Collection entries:

▬▬▬▬▬▬

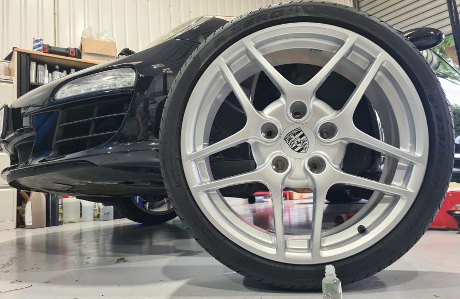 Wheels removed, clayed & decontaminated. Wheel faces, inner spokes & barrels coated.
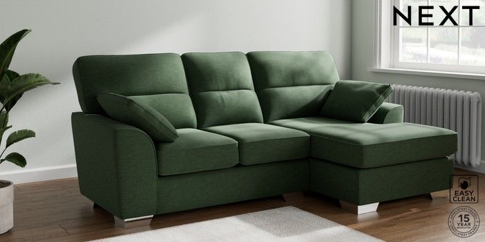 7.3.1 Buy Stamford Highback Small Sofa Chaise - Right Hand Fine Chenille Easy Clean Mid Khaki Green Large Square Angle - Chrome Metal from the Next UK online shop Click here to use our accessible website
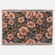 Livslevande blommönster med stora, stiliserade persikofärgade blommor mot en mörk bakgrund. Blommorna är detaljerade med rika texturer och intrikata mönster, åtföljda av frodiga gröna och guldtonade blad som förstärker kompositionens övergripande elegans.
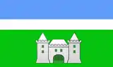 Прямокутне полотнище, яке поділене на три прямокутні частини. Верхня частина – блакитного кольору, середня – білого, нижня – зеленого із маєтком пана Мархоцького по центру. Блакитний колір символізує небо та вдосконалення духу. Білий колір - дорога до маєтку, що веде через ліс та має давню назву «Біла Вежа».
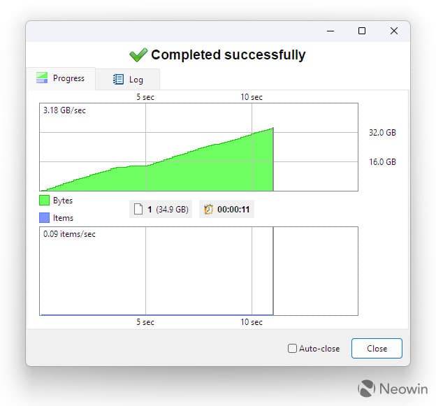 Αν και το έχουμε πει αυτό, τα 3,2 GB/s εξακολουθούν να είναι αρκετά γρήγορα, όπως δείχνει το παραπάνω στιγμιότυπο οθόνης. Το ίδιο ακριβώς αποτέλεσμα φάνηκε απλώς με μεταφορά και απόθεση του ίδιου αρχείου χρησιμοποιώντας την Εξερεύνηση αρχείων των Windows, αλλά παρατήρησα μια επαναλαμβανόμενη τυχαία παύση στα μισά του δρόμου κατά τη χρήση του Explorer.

▬▬▬▬▬▬

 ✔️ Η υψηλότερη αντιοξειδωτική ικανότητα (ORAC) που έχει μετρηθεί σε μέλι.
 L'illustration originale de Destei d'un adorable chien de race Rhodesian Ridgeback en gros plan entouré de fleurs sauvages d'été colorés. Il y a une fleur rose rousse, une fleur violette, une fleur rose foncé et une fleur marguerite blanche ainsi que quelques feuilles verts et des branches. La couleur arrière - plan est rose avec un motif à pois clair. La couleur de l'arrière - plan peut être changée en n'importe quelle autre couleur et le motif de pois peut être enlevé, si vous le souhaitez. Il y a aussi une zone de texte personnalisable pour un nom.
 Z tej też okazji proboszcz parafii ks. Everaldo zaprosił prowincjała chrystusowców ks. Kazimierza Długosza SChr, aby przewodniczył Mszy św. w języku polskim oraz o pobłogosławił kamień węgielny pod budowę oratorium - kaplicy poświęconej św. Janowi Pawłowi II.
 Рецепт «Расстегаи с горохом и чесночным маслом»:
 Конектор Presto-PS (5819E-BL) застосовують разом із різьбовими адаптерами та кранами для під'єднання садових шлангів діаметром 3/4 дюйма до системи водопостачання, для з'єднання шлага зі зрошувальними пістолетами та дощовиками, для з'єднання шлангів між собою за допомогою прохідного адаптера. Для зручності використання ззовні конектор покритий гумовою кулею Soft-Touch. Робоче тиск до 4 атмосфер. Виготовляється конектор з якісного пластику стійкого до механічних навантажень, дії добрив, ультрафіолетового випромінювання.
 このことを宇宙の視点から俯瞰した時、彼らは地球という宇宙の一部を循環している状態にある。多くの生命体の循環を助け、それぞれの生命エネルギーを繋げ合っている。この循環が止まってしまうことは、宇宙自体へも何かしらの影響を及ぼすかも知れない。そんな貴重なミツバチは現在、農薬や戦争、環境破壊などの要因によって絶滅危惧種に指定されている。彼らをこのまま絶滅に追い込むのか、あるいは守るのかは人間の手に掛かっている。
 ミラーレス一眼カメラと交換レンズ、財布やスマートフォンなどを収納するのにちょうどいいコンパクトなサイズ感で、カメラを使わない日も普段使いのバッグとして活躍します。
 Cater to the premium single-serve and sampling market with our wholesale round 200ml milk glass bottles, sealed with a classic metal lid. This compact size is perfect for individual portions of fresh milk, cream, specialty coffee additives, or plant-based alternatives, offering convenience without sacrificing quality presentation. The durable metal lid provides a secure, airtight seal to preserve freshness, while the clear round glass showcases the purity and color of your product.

▬▬▬▬▬▬

▸ INSTRUCTIONS FOR THE TASK: Scan the records above for the lines holding "μετρηθεί σε μέλι." and "Конектор Presto-PS (5819E-BL)". Transcribe those two and every line between them word for word, and no others.

▸ REPLY TO THE EXERCISE:
 ✔️ Η υψηλότερη αντιοξειδωτική ικανότητα (ORAC) που έχει μετρηθεί σε μέλι.
 L'illustration originale de Destei d'un adorable chien de race Rhodesian Ridgeback en gros plan entouré de fleurs sauvages d'été colorés. Il y a une fleur rose rousse, une fleur violette, une fleur rose foncé et une fleur marguerite blanche ainsi que quelques feuilles verts et des branches. La couleur arrière - plan est rose avec un motif à pois clair. La couleur de l'arrière - plan peut être changée en n'importe quelle autre couleur et le motif de pois peut être enlevé, si vous le souhaitez. Il y a aussi une zone de texte personnalisable pour un nom.
 Z tej też okazji proboszcz parafii ks. Everaldo zaprosił prowincjała chrystusowców ks. Kazimierza Długosza SChr, aby przewodniczył Mszy św. w języku polskim oraz o pobłogosławił kamień węgielny pod budowę oratorium - kaplicy poświęconej św. Janowi Pawłowi II.
 Рецепт «Расстегаи с горохом и чесночным маслом»:
 Конектор Presto-PS (5819E-BL) застосовують разом із різьбовими адаптерами та кранами для під'єднання садових шлангів діаметром 3/4 дюйма до системи водопостачання, для з'єднання шлага зі зрошувальними пістолетами та дощовиками, для з'єднання шлангів між собою за допомогою прохідного адаптера. Для зручності використання ззовні конектор покритий гумовою кулею Soft-Touch. Робоче тиск до 4 атмосфер. Виготовляється конектор з якісного пластику стійкого до механічних навантажень, дії добрив, ультрафіолетового випромінювання.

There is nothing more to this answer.